Where’s the best place to improve your company’s brand recognition in technical marketplaces nowadays? If it’s impressing your own MD that you’re after, I suspect that nothing has changed in the last 25 years: an eyewateringly large stand at WidgetEx, or a double-page spread in the front of Widget World News. The average MD loves this, mixing up ‘image’ with ‘brand’. In fact, for us, brand recognition – more than ever – is about name recognition, and means getting your name in front of prospects again and again. And again.

When it comes to buying cars, or chocolate bars, branding is all about the image which the name conjures up. When it comes to buying blue widgets, it’s all about whether the prospect recognises your name. That’s a very different thing.

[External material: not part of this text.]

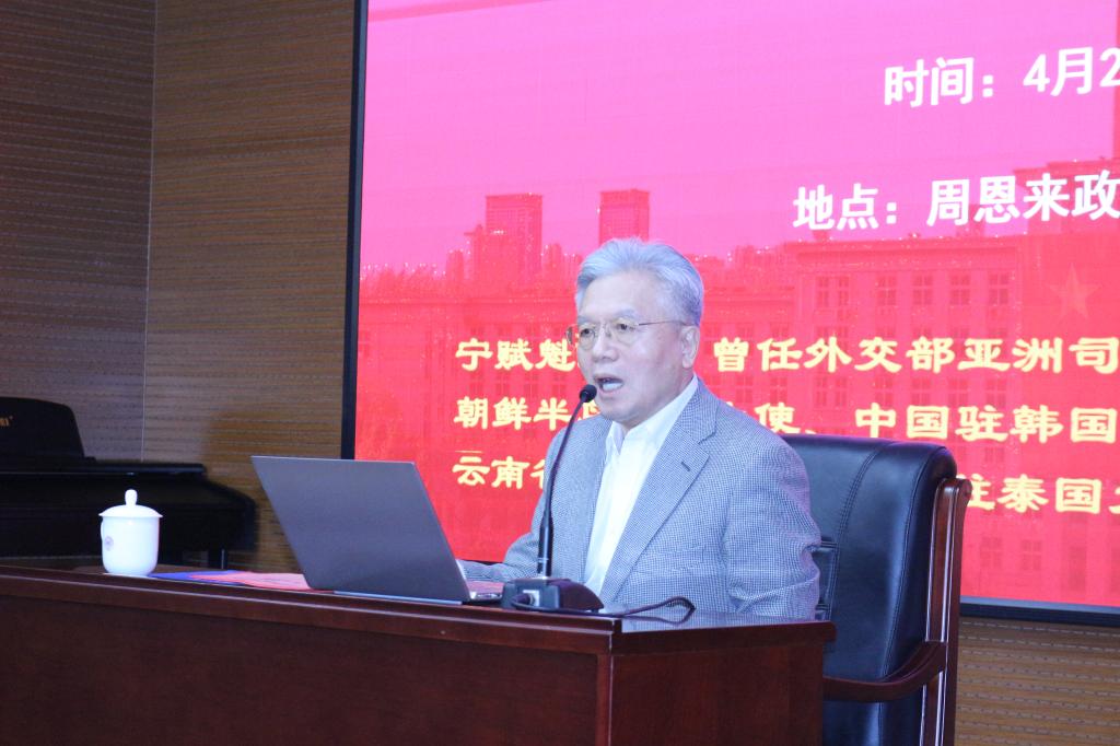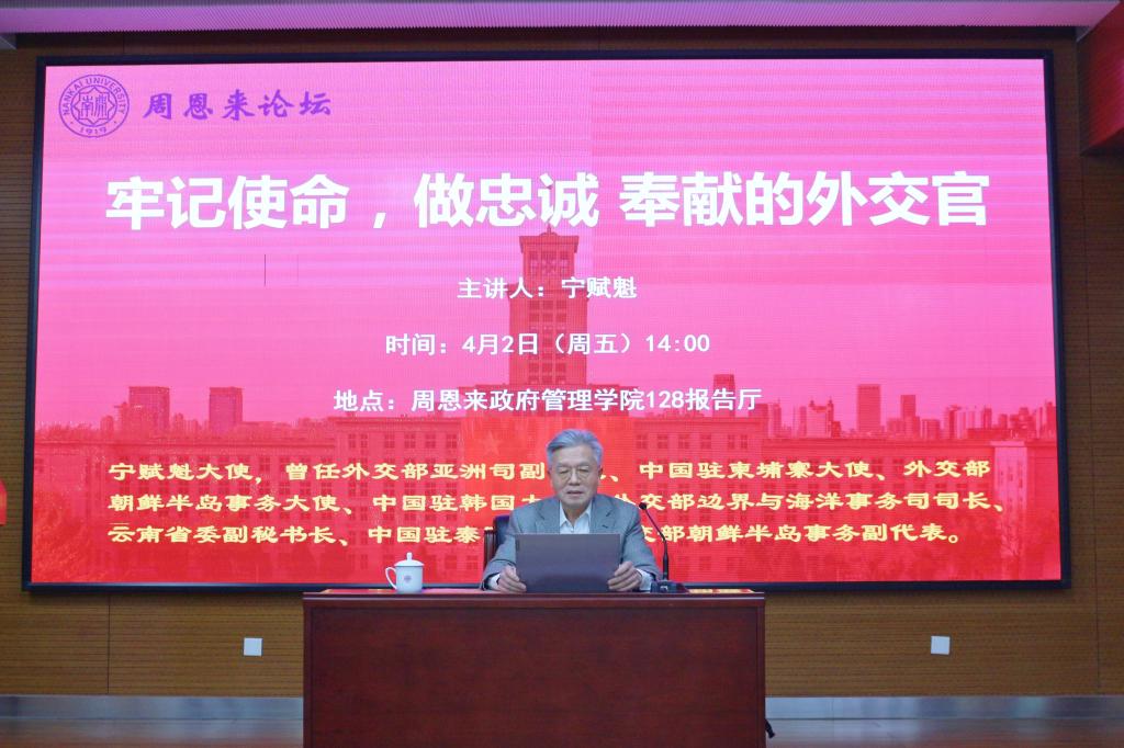 “外交人员必须成为文装解放军。”——这是周恩来总理对中国外交人员的要求,更是国家外交的使命与担当。讲座伊始,宁赋魁大使缅怀周总理的丰功伟绩,赞颂周总理为国家忠诚奉献的一生。他称外交人员对周总理一直怀有一种特殊感情,周总理作为新中国第一任外交部长,在中华人民共和国成立初期担当重任,培养了一批优秀的外交人才,为无数外交人员树立了榜样;更是把“如何更好地开展外交工作、把自己塑造成维护国家发展的外交人员”做到极致,是中国外交里程上的丰碑,更是为后来的中国外交指明了前路。

I find it hard to believe that anyone would look past Google Search nowadays as the place to increase your name recognition. £25,000 might get you an exhibition stand which would impress your name on some of the small subset of prospects who come to the exhibition. Let’s say you reach 2,000 of the 20,000 prospects out there, with your one hit, which is admittedly a decent sized one.

What if you spent the same money appearing at the top of the page on Google search results? At £2.50 a click and a 1% clickthrough rate, you’d be the first name they see a million times. I suspect that’d be almost all of the 20,000 prospects, an average of 50 times each. There’s no competition. Sure, name recognition is only a secondary aim for the advertising campaign (website traffic and enquiries are the first!), but name recognition is only a secondary aim for an exhibition stand too.

One of our clients – who totally gets this – has had 6.5million advertisement appearances in Google search results, in the UK, in four years, normally right at the top of the page. Their prospect base is in maybe the low 5 figures. They asked from the outset for their company name to be a prominent part of the advert. And if you were in their market, you’d know it well.